■ **What you have to do**: Make an exact transcript of the lines in the data below, starting with the one containing "По горизонтали орудие" and going on through the one containing "娘の七五三で購入した、つまみ細工の髪飾りです。", with both included and the pictures left out.

** Input follows **

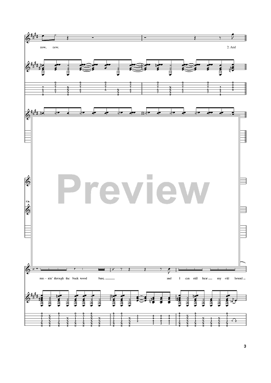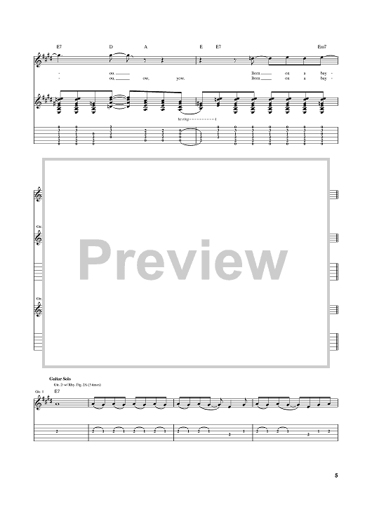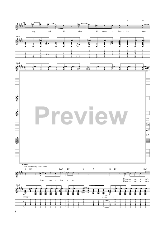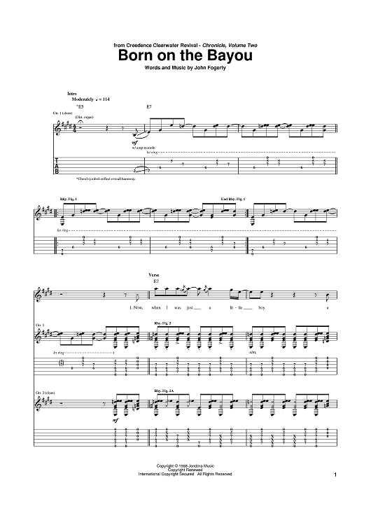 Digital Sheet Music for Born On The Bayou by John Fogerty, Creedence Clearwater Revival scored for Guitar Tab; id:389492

** End of Input **
** Input follows **

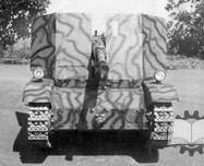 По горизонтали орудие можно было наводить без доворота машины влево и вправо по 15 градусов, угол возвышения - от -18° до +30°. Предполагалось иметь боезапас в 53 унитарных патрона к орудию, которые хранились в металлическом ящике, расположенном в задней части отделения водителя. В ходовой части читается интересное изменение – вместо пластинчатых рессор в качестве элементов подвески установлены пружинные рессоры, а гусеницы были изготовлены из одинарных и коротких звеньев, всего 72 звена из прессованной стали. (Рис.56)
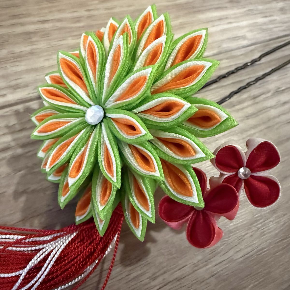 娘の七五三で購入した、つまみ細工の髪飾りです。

** End of Input **

■ **Exercise answer**:
 По горизонтали орудие можно было наводить без доворота машины влево и вправо по 15 градусов, угол возвышения - от -18° до +30°. Предполагалось иметь боезапас в 53 унитарных патрона к орудию, которые хранились в металлическом ящике, расположенном в задней части отделения водителя. В ходовой части читается интересное изменение – вместо пластинчатых рессор в качестве элементов подвески установлены пружинные рессоры, а гусеницы были изготовлены из одинарных и коротких звеньев, всего 72 звена из прессованной стали. (Рис.56)
 娘の七五三で購入した、つまみ細工の髪飾りです。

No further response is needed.